Today in urgent care I watched my little guy try to stay still as they stuck a needle in his wound (near his eye) to numb it. Doesn't that sentence make you cringe?
I wanted to. But I also didn't want him to see me cringe, so I didn't.

Tattooed on the arm of the nurse who was helping hold him was, "You are my sunshine."  Lovely black script running down her forearm. THIS SONG was my mom's top pick lullaby of my childhood, my toddlerhood, and probably my infancy as well.

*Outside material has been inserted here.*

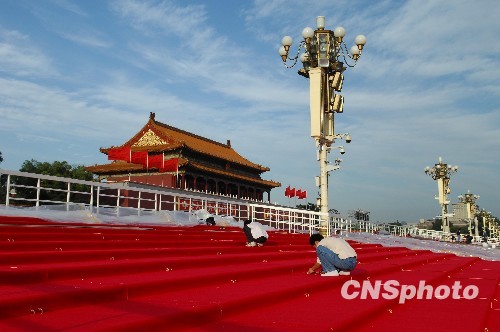 9月15日下午,工人们在天安门城楼前的临时观礼台上铺设红地毯。城楼前的4个面积达数百平方米的临时观礼台都将铺上红地毯,增添节日喜庆气氛。

Missing my mom, it turns out, never goes away. It is imbedded into every moment of my life like a new rhythm of my heartbeat. So when I saw that song title, and thought of my mom, it calmed me in a moment when I was supposed to step up and be the adult. No casting about for support on this one: I've got a kiddo whose wide eyes are seeking mine and he's looking for something sure. Something steady. Somebody who can assure him that he can get through this scary thing. Micah was a super trooper. He always is on the big stuff. As he enjoyed pointing out afterward, "I've had more medical attention than my brother and sister combined."

Afterward, the PA said to me out of the blue, "You're a good mom. We can always tell when the kids can stay calm it's because their parents are calm. That helps a lot."

It wasn't me, I wanted to tell him. My mom could make me feel that I was as welcome as sunshine. As important as sunshine. As cherished as sunshine. A love like that still steadies me long after she's gone away.